[PROMPT] Beginning with the line of the entries below that holds "Qızıl Aypara Cəmiyyətinin" and ending with the line that holds "Rumah warga di", transcribe each line exactly as written. Pictures stay out.

[INPUT RECORDS]

=-=-=-=-=

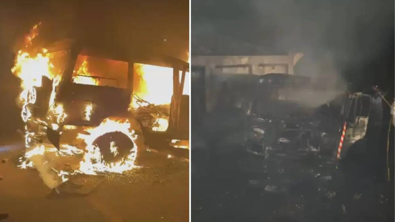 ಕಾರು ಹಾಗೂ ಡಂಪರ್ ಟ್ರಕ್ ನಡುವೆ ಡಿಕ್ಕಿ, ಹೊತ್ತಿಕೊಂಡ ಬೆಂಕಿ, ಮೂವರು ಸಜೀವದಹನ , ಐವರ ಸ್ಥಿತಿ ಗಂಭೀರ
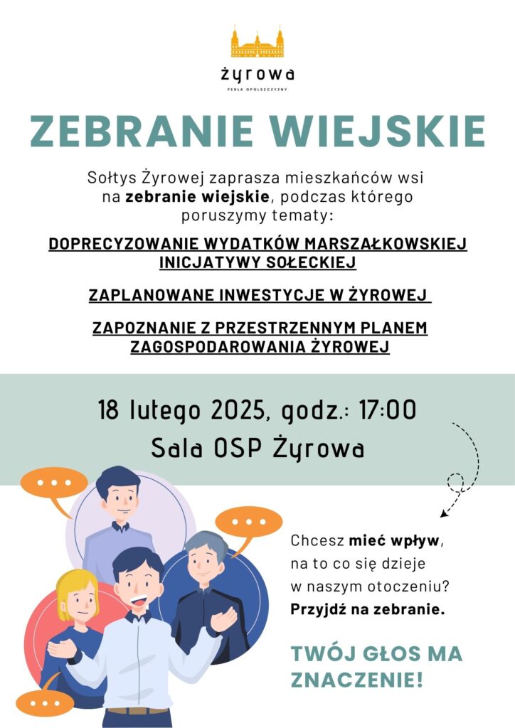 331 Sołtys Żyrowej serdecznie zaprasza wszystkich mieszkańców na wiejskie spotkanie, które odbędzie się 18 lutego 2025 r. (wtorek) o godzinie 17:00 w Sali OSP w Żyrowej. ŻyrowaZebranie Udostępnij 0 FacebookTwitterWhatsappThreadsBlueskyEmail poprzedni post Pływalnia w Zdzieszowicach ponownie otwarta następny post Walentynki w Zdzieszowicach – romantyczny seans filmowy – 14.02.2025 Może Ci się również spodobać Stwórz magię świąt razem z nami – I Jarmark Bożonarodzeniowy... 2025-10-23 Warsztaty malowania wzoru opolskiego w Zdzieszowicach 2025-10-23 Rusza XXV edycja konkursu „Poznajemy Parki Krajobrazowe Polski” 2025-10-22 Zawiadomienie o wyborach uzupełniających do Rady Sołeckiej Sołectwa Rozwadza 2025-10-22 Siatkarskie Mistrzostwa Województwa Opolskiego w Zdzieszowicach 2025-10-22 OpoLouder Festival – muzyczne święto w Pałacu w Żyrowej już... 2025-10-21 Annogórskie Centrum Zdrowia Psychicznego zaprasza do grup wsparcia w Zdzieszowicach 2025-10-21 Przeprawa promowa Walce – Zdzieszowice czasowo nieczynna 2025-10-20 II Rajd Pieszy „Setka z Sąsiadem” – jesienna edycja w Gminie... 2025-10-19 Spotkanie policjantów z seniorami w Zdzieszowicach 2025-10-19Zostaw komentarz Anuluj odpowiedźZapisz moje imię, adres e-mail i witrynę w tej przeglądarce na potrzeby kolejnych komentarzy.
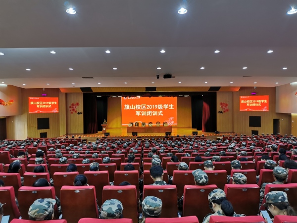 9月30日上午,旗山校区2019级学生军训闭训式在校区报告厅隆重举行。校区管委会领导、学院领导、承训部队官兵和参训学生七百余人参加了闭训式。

=-=-=-=-=

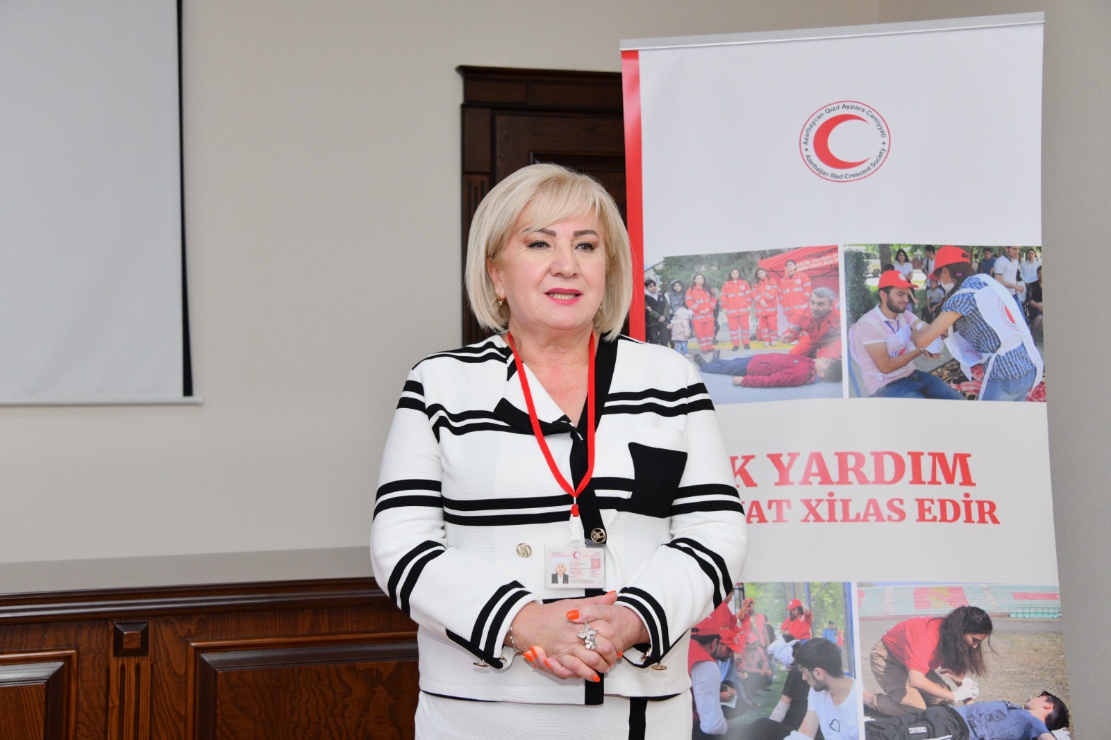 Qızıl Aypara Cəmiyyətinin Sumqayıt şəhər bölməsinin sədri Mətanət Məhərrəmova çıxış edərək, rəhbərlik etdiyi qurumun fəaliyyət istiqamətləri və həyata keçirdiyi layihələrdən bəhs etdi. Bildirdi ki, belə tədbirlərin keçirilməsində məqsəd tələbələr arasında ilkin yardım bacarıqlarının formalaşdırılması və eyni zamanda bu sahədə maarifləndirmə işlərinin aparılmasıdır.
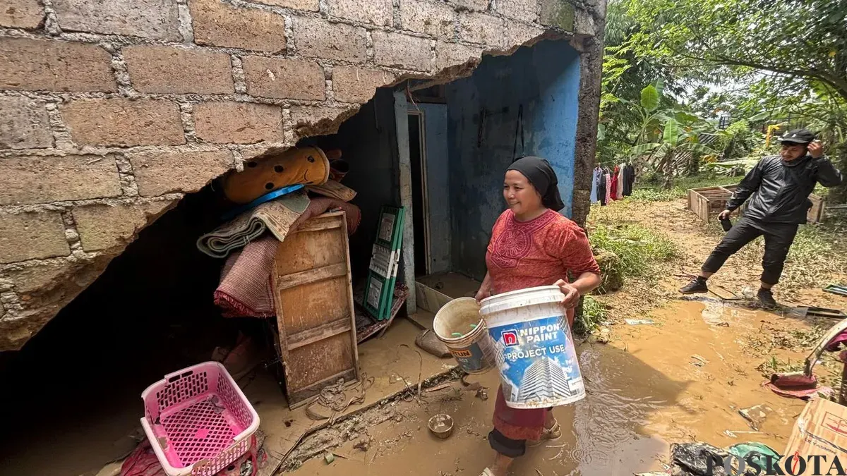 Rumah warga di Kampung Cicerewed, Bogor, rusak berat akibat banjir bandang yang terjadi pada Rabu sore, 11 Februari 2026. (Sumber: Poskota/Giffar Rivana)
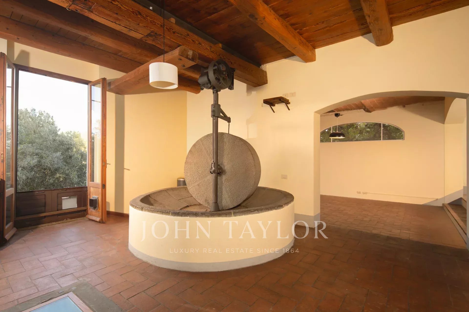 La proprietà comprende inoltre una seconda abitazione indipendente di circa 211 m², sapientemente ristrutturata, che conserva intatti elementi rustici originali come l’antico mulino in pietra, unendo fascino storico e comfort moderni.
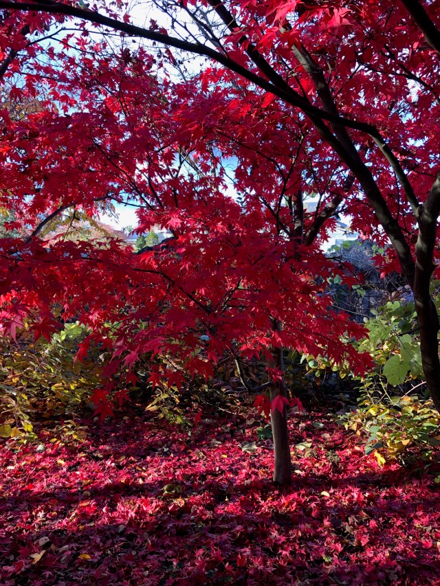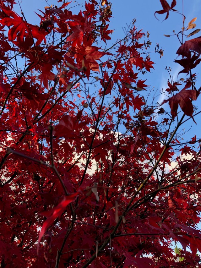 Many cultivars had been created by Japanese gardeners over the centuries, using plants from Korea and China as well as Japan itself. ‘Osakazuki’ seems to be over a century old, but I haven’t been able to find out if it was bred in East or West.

=-=-=-=-=

[ANSWER SECTION]
 Qızıl Aypara Cəmiyyətinin Sumqayıt şəhər bölməsinin sədri Mətanət Məhərrəmova çıxış edərək, rəhbərlik etdiyi qurumun fəaliyyət istiqamətləri və həyata keçirdiyi layihələrdən bəhs etdi. Bildirdi ki, belə tədbirlərin keçirilməsində məqsəd tələbələr arasında ilkin yardım bacarıqlarının formalaşdırılması və eyni zamanda bu sahədə maarifləndirmə işlərinin aparılmasıdır.
 Rumah warga di Kampung Cicerewed, Bogor, rusak berat akibat banjir bandang yang terjadi pada Rabu sore, 11 Februari 2026. (Sumber: Poskota/Giffar Rivana)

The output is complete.